Help needed to process structured time series dataset for RNN using fastai lib

Hi All,

I was wondering if someone on the fastai forums could help me with how i can use the pytorch or fastai or other libraries to manipulate or structure my training dataset or iterator design. This intro is a summary, below the line is the detail.

What i want to do is essentially run an RNN across each row of data in my dataset, with each column element being a time step. Then skip to the next line and repeat. In my earlier dense and conv nets i just flattened the data as sequence was not important.

Now i want to use the time / step nature of my data in an RNN, but the ends of my rows are like an end state, that i am trying to find. So i want the RNN to learn how to reach this end state by examining each row and learning the patterns in state structure and time.

To compare this with something like a character RNN that predicts the next character, its as if the full stops of each sentence need to be a final state of the data, and each sentence start a reset of the pattern learning process.

Have a look below for an example of the data.

I through maybe we could make each row a ‘batch’ and cycle through but that to me seems maybe the wrong way to go about it. That we would rather want a batch that spants a number of rows, and a different way of pulling each row to the RNN

Does anyone have some suggestions of how to handle this scenario?

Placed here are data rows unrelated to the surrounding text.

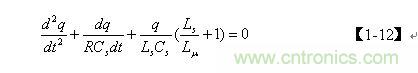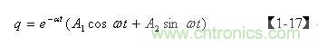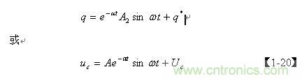 前面已經(jīng)指出,齊次微分方程【1-12】式僅表示電容Cs充滿(mǎn)電后,輸入電壓等于0時(shí),電容兩端電壓或存儲(chǔ)電荷隨時(shí)間變化的過(guò)程,即,當(dāng)t = 0時(shí),q從最大值開(kāi)始隨時(shí)間變化的過(guò)程。但齊次微分方程【1-12】式并不完全表示電容Cs充、放電的全過(guò)程,我們仔細(xì)觀察【1-17】式便知:在LC電路中,當(dāng)t = 0時(shí),如果q 為最大值,電容一定是按余弦規(guī)律放電;如果 q為最小值,則電容一定是按正弦規(guī)律充電。因此,我們還需要根據(jù)初始條件來(lái)對(duì)【1-10】非齊次微分方程式進(jìn)一步求解。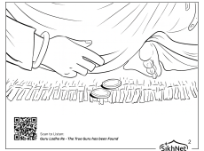 ਮੱਖਣ ਸ਼ਾਹ ਜੀ ਨੇ ਬੜੇ ਸਤਿਕਾਰ ਨਾਲ ਦੋ ਸੋਨੇ ਦੇ ਸਿੱਕੇ ਗੁਰੂ ਜੀ ਦੇ ਚਰਨਾਂ ਅੱਗੇ ਰੱਖੇ।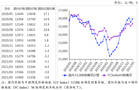 (一)國內(nèi)棉價環(huán)比上漲。5月,印度疫情爆發(fā)導(dǎo)致部分訂單回流國內(nèi),我國1季度經(jīng)濟(jì)數(shù)據(jù)好于預(yù)期,紡織企業(yè)原料采購積極性較高,國內(nèi)棉價環(huán)比上漲。據(jù)《中國棉花工業(yè)庫存調(diào)查報告》數(shù)據(jù),5月初,準(zhǔn)備采購棉花的企業(yè)占69.6%,環(huán)比增11.7個百分點(diǎn),同比增19.6個百分點(diǎn)。5月,國內(nèi)3128B級棉花月均價每噸15960元,環(huán)比漲2.5%,同比漲37.1%。鄭棉期貨主力合約(CF109)月結(jié)算價每噸15780元,環(huán)比漲3.5%,同比漲37.0%。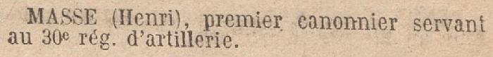 Incorporé (au 30e Régiment d'Artillerie) à compter du 6 septembre 1916, arrivé au Corps le dit jour et Soldat de 2e classe.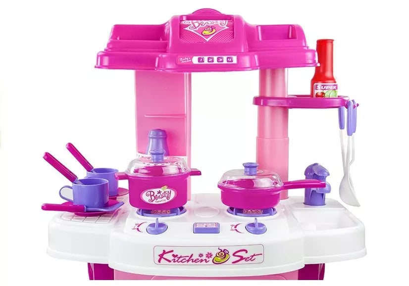 Pristatomą virtuvėlę sudaro įspūdingas 22 elementų skaičius, labai svarbus kiekvienos virtuvės įrangai. Žaislinėje viryklėje yra du apšviesti degikliai su nepriklausomais jungikliais. Juos aktyvinus vaikas išgirs garsą, panašų į maisto gaminimo patiekalą. Kitas privalumas, turint virtuvės komplektą mažajam pagalbininkui, yra į orkaitę integruotas įjungimo/išjungimo jungiklis, t. y. laikmatis. Kai jūsų vaikas jį įjungs, jis išgirs būdingą orkaitės garsą, o viduje esanti lemputė užsidegs. Pasibaigus laikui, virtuvėlė išsijungs.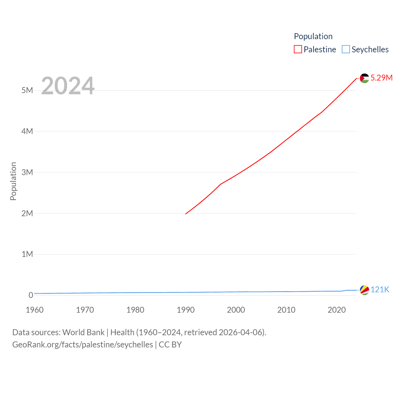Palestine has a population of 5.29M (ranked 122/197), compared with 121K in The Seychelles (ranked 181/197). Palestine's land area is 2,326 sq mi versus 177.6 sq mi for The Seychelles (ranked 164th vs. 181st).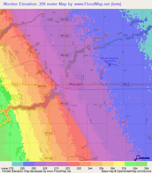Note:Please note that Morden,Canada Elevation Map is in beta.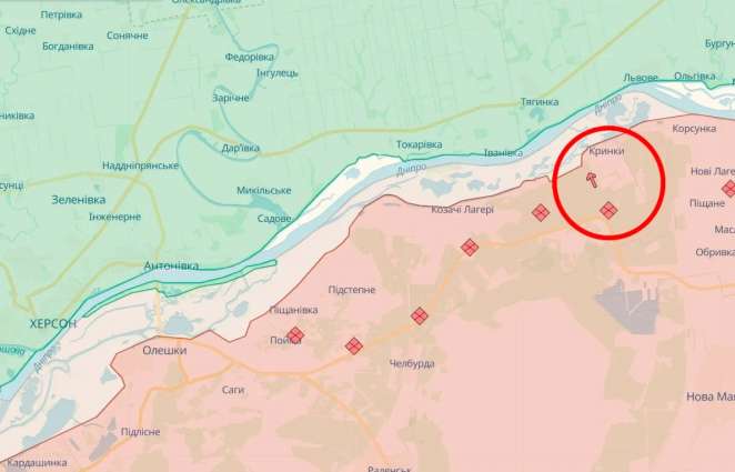 Российские Z-каналы уверяют, что ВСУ продвинулись в районе села Крынки, что на востоке от Херсона.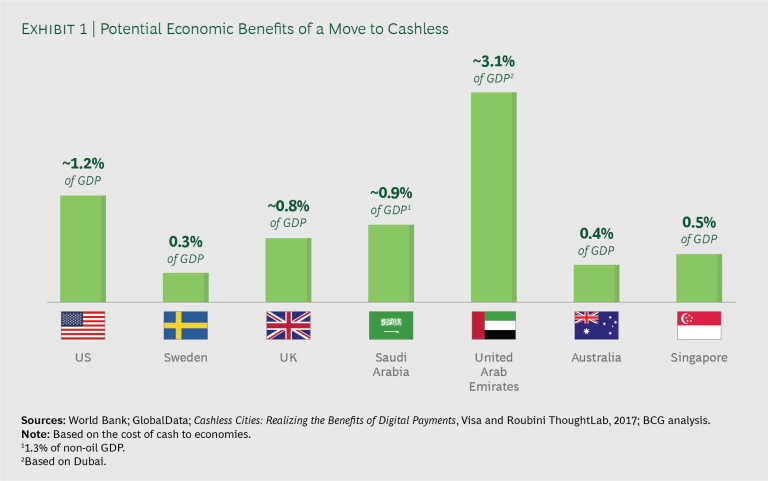Cash is no longer king. In fact, economies that are more cash intensive tend to grow slowly and miss out on significant financial benefits. Conversely, economies that switch to digital are more successful; the switch can boost annual GDP by as much as 3 percentage points, BCG research shows.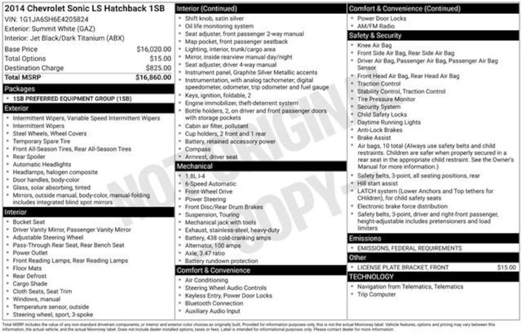 Summit White 2014 Chevrolet Sonic LS 4D Hatchback FWD 6-Speed Automatic ECOTEC 1.8L I4 DOHC VVT 25/35 City/Highway MPG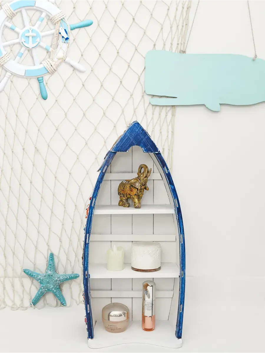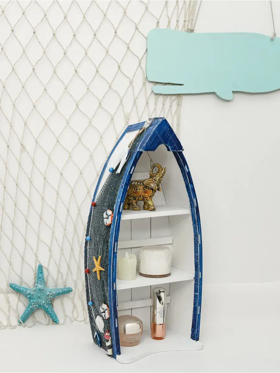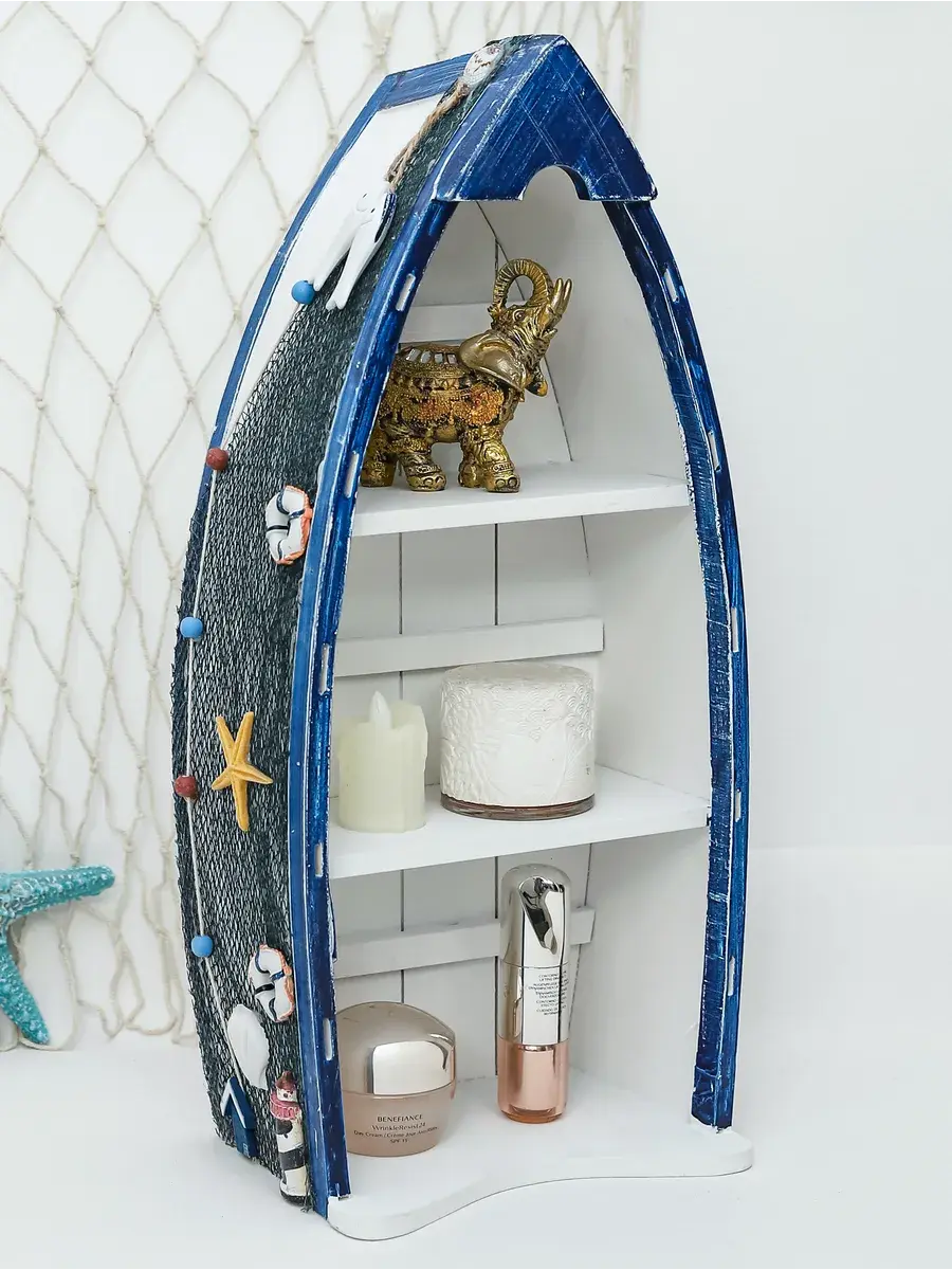 Комплект из трех полок в морском стиле от Elenadecor станет стильным и функциональным дополнением к любому интерьеру. Набор полок, выполненных из дерева с матовой поверхностью, придаст вашей гостиной, детской или ванной комнате неповторимый шарм морского бриза. Полки в форме лодки не только оригинально выглядят, но и удобны в использовании, позволяя разместить книги, декоративные элементы, игрушки или ванные принадлежности. Открытый тип фасада обеспечивает легкий доступ к вещам, а задняя панель гарантирует надежность и устойчивость конструкции. Комплект полок Elenadecor - это не просто мебель, а настоящий морской декор, который добавит в ваш дом нотку свежести и уюта. Размеры каждой полке указаны на фото.

@jeremy @rachel I was wondering if you can help or point me to some really good posts / literature that helps with how to deal with unique / custom datasets. It seems like this is an area that is really important, though a lot of the fastai course material focuses on datasets that are well know and pre-prepared.

I’d love some of your advice or direction about how to create better iterator, data shaping methods to get any dataset to work with models.


The detail:

Heres a sample of what my dataset look like

x.shape = (1000, 20, 45)
y.shape =  (1000, 20 )

They essentially look like this

**x** data 
[ [ T, R, T, F, ... C, A ],  length 20
 [  X, Z, R, T, F ... , A ] length 20

A…Z are data arrays that look like this

array([39, 33, 34, 13, 50, 38, 43, 26, 30, 45, 35, 46, 42, 41, 47, 12, 15, 48, 16, 11, 37, 20, 23,  .., 17, 21, 18, 40, 19, 49, 32, 51, 28, 53, 27, 25,  1,  4, 54, 29, 14, 24,  9,  6,  3]

I have just called them A…Z to avoid making this a huge post. In actuality there are n! or 45! permutations not 26 (A…Z)

y output state (length 20)

[array([37, 26, 20, 13, 17, 44, 34, 37, 38, 30, 28, 40, 33, 33, 37, 24,  4, 40, 14, 22,  0]), 
 array([ 3, 27, 26, 16,  4,  7, 26, 22, 40, 22, 31, 43,  6, 24,  3, 23, 23, 35,  5, 31,  0]), 

Now when i built my first dense and conv models i just flattened the data them so I had a dataset

(20,000, 45)
(20,000, 1)

Then just took the 45 values and used embedding / conv / dense layers to match to the single output.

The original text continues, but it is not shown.